• Instructions for the task: Below are records with pictures. Transcribe exactly, and only, the lines from the line with "まるでそんな絵画のようなアク" to the line with "This image displays", both ends included, but not the pictures.

• Data records:
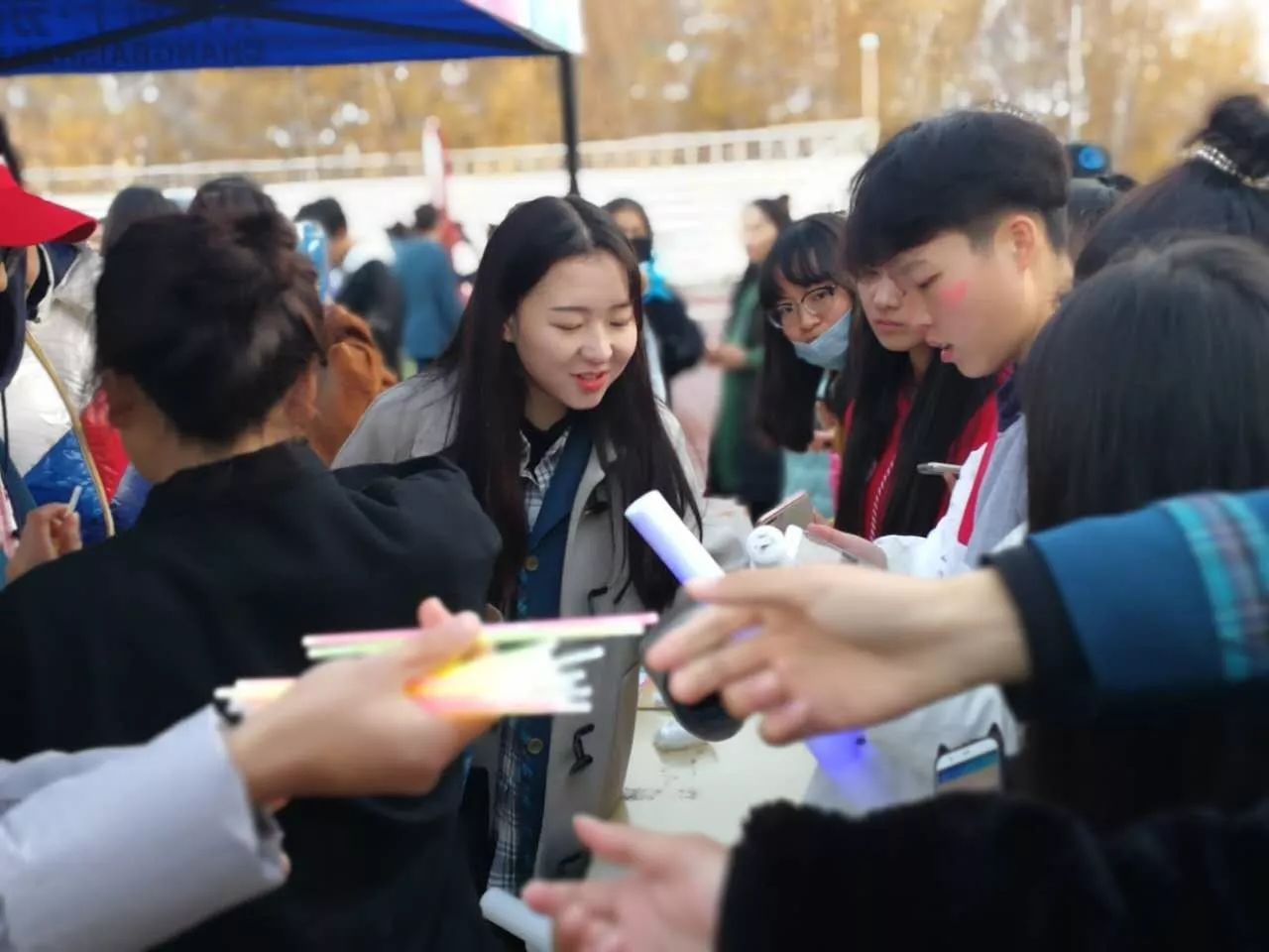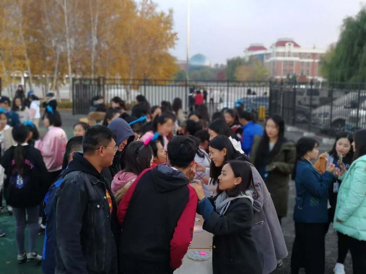 ? ? ? ?安全無害的熒光油漆,在同學們的臉上DIY青春的印記,每個人都是秋夜最亮的星。
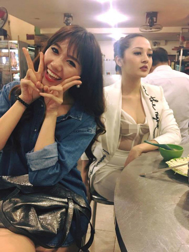| Trong tấm hình chụp chung với Hari Won, Bảo Anh để lộ thời trang có phần sơ suất. Bạn gái cũ Hồ Quang Hiếu vốn là người đẹp sở hữu vóc dáng nuột nà. Bảo Anh cũng được nhận xét là người có gu thời trang sành điệu. Tuy nhiên lần "mặc như không" này lại khiến cư dân mạng không khỏi bất ngờ. |
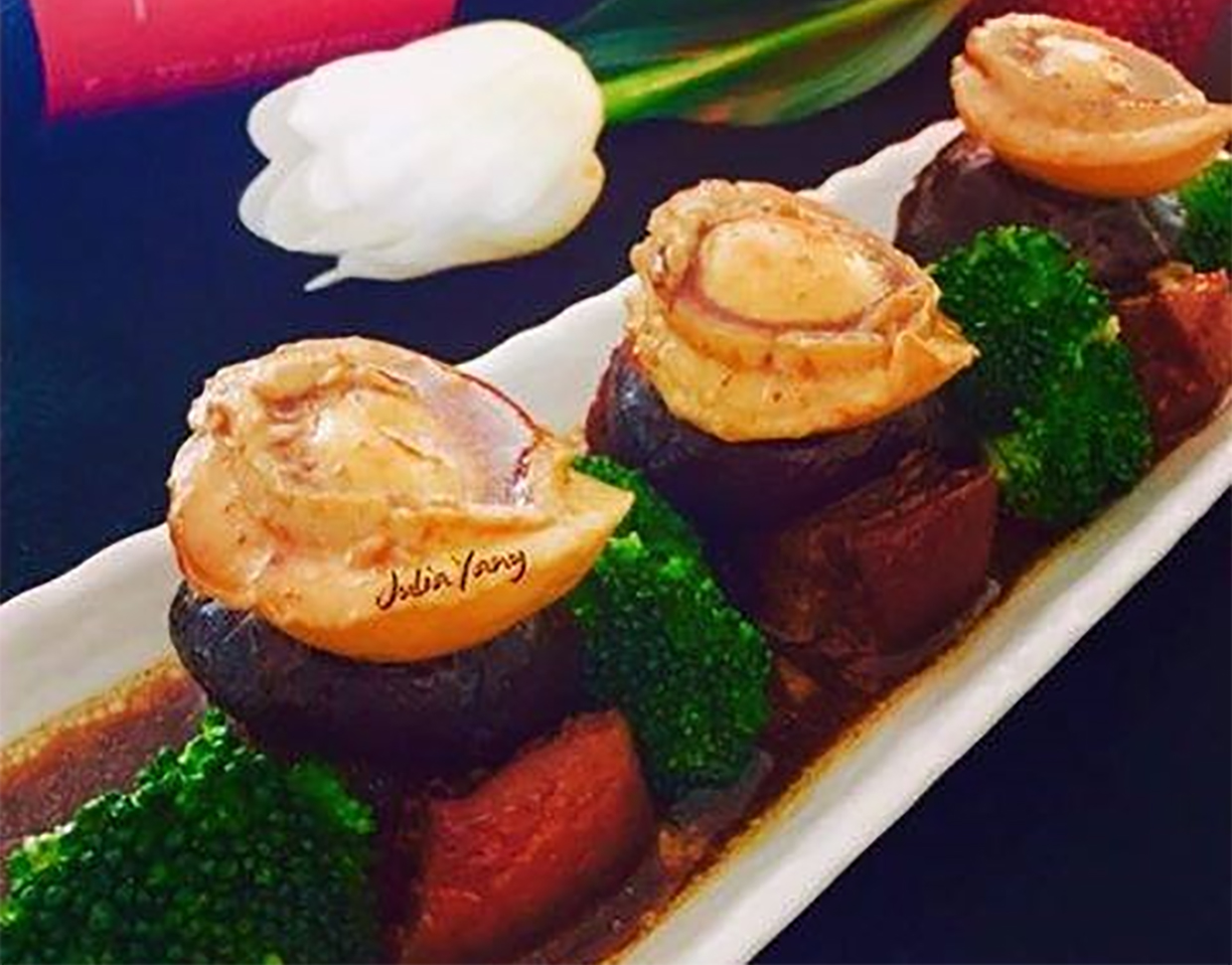 - Lastly, add the abalone to the braised mushrooms and pork. Stir for 1 minute until it is combined.
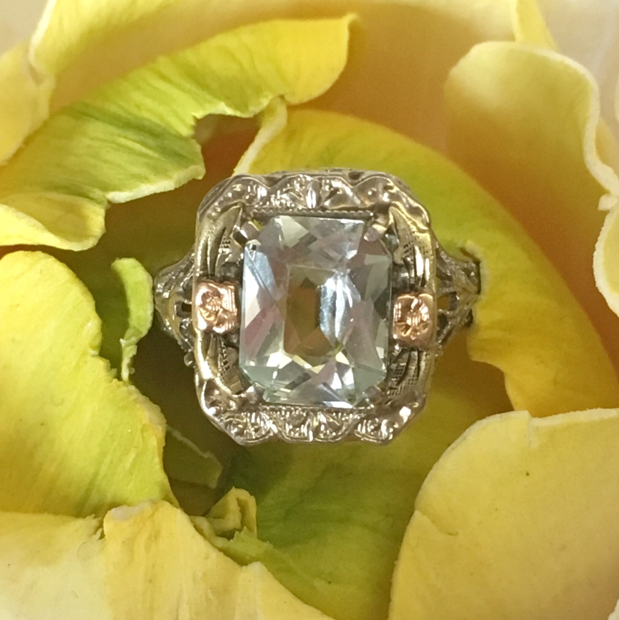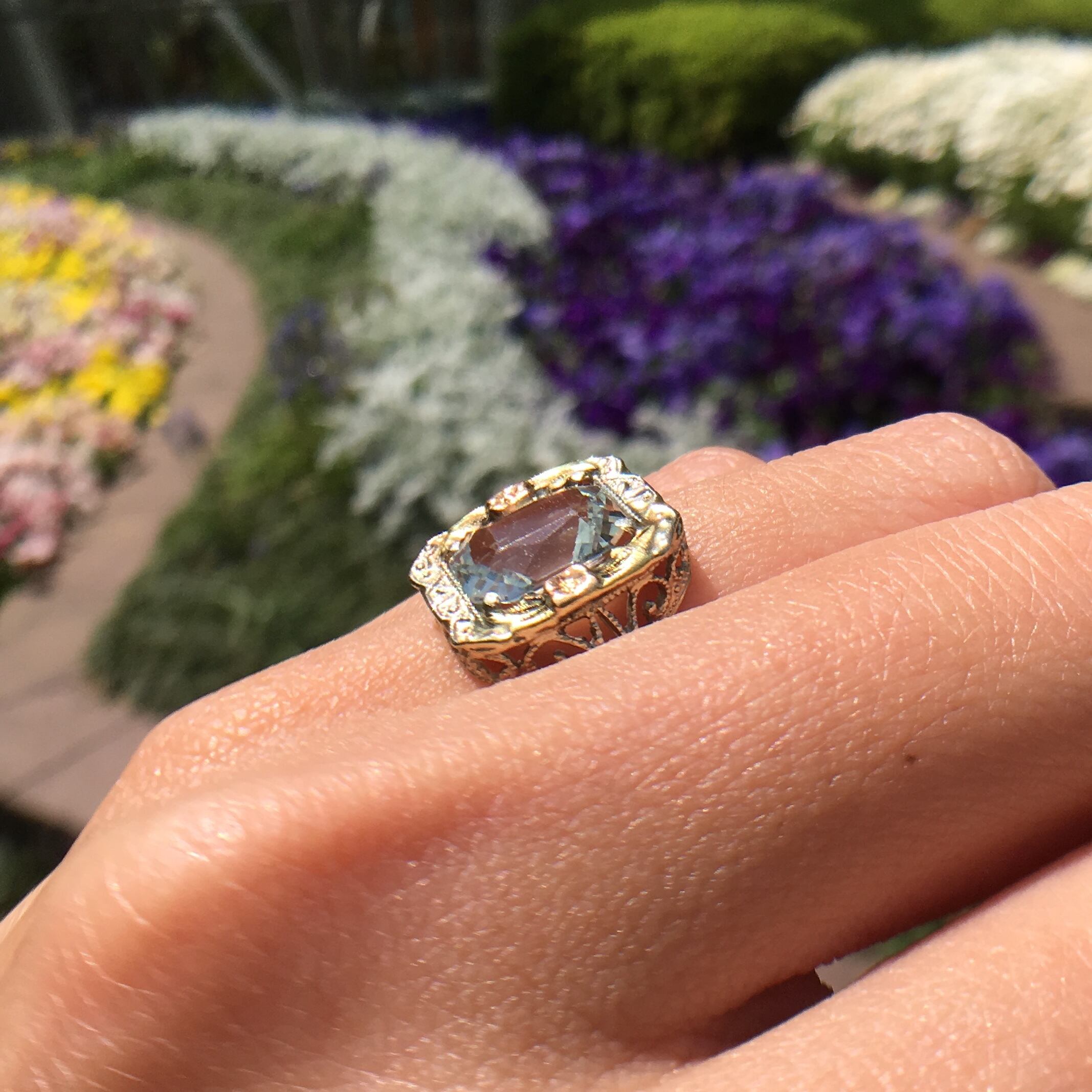 まるでそんな絵画のようなアクアマリンのリングはアール・ヌーヴォーからアール・デコの移行期に製作されたと思われます。
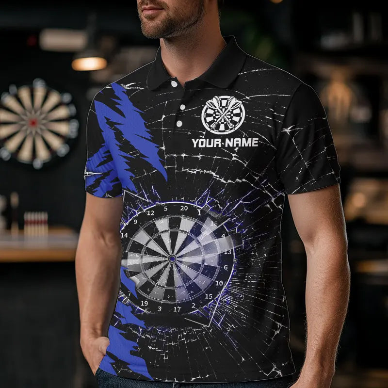 Black And Blue Darts Board Break Glass Custom Dart Shirts For Men, Darts Team Shirts Dart Jerseys TDM3494
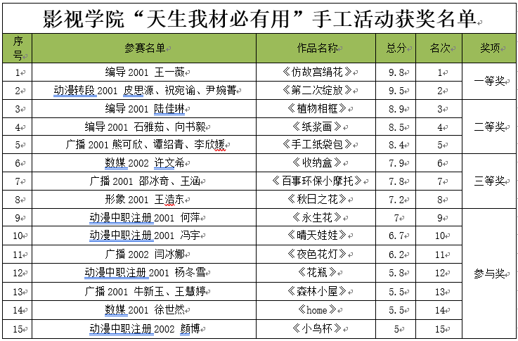 三等奖 — 动漫中职注册2001 何萍  三等奖 — 广播2001 邵冰奇 王涵
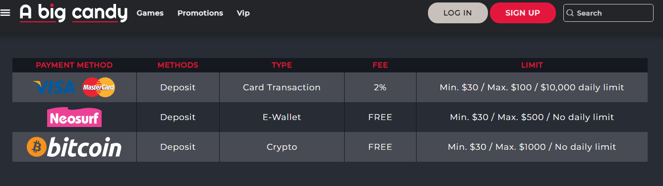 This image displays comprehensive deposit information for A Big Candy Casino, showing payment methods including Bitcoin, Neosurf, and traditional cards with their respective fees and transaction limits.
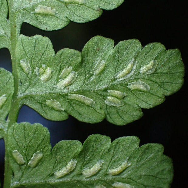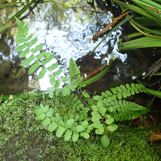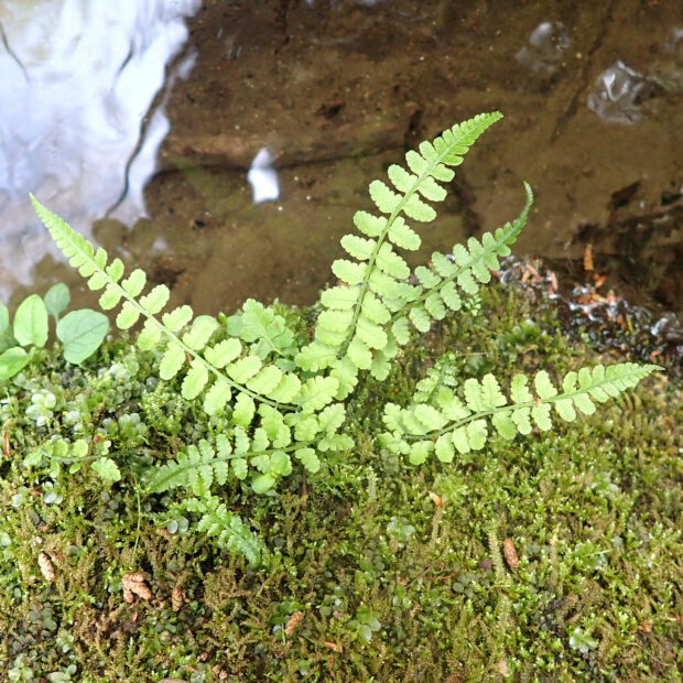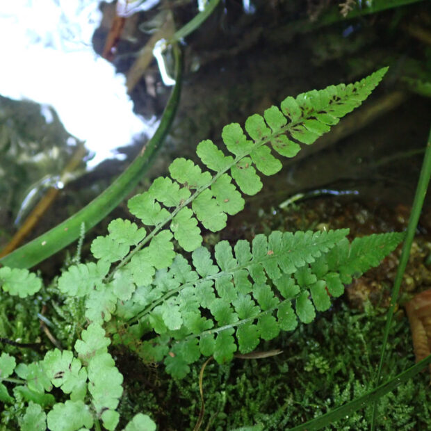 主に湿った場所に生える小さめのシダです。 フモトシケシダに似ていますが、 本種は葉がより細長く、 一番下の切れ込み(最下羽片)は普通あまり長く伸びません。 シケシダ類の例にもれず雑種をよく作ります。
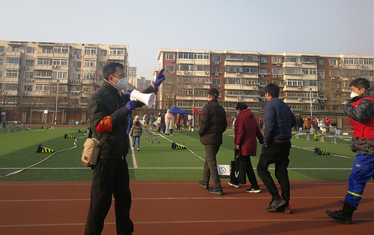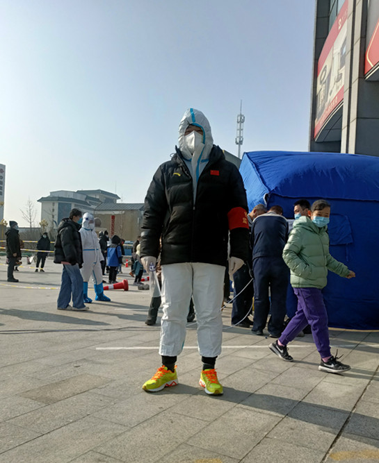 王晓楠,武术教研室教师,在南开区体育中心街龙滨园社区协助开展全员核酸检测现场扫码登记、秩序维护工作。
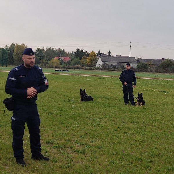 Na dzieci uczestniczące w spotkaniu czekała dodatkowa atrakcja. Spotkanie z przewodnikami psów służbowych. Aspirant Mariusz Wójcik oraz sierżant sztabowy Dariusz Koczkodaj opowiedzieli o wyjątkowej służbie z czworonogami. Pod czujnym okiem przewodników policyjne psy „Lapis” oraz „Polon” pokazały zebranym cząstkę swoich umiejętności podczas przygotowanego na tę okazję pokazu elementów tresury. „Czworonożni funkcjonariusze” chętnie też pozowali do wspólnych fotografii. Spotkanie na pewno długo pozostanie w pamięci najmłodszych.
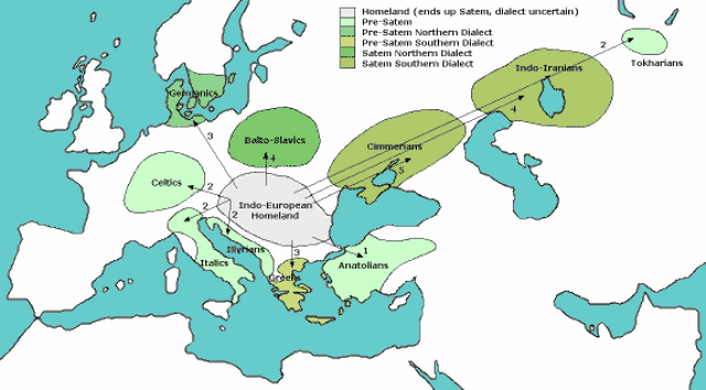 Тази карта е наречена „Арийската прародина и разселения“, която е базирана на еволюцията на индоевропейските езици.
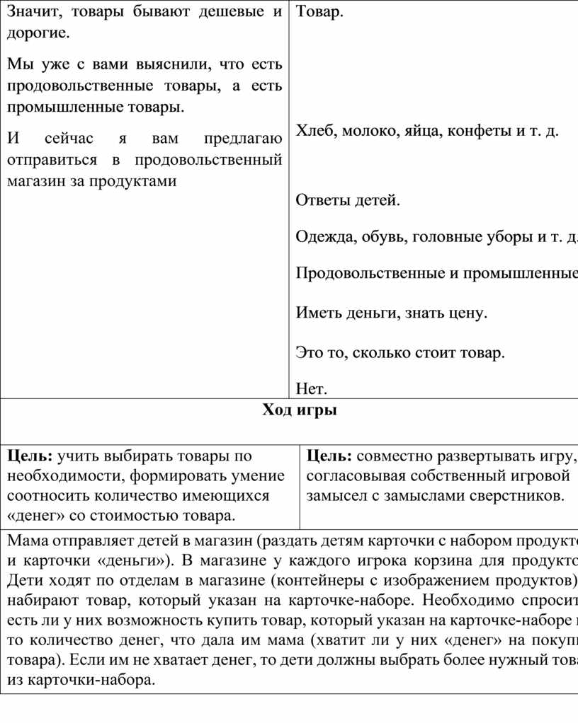 Цель: учить выбирать товары по необходимости, формировать умение соотносить количество имеющихся «денег» со стоимостью товара. |
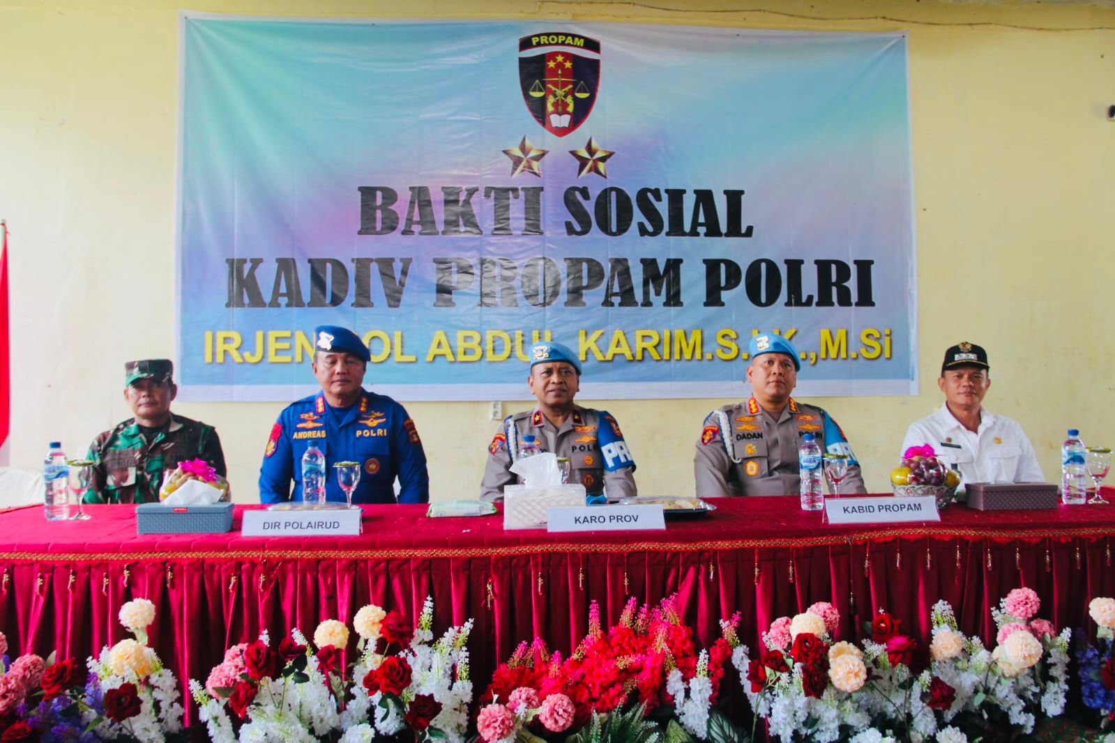 “Bapak Kadiv Propam Polri Irjen Abdul Karim telah memberikan bekal untuk kami berikan kepada masyarakat disini berupa sembako ini sebagai bentuk kepedulian Polri, juga sebagai sarana silaturahmi. Semoga dapat membantu meringankan masyarakat kita,” ujarnya.

• Response box:
 まるでそんな絵画のようなアクアマリンのリングはアール・ヌーヴォーからアール・デコの移行期に製作されたと思われます。
 Black And Blue Darts Board Break Glass Custom Dart Shirts For Men, Darts Team Shirts Dart Jerseys TDM3494
 三等奖 — 动漫中职注册2001 何萍  三等奖 — 广播2001 邵冰奇 王涵
 This image displays comprehensive deposit information for A Big Candy Casino, showing payment methods including Bitcoin, Neosurf, and traditional cards with their respective fees and transaction limits.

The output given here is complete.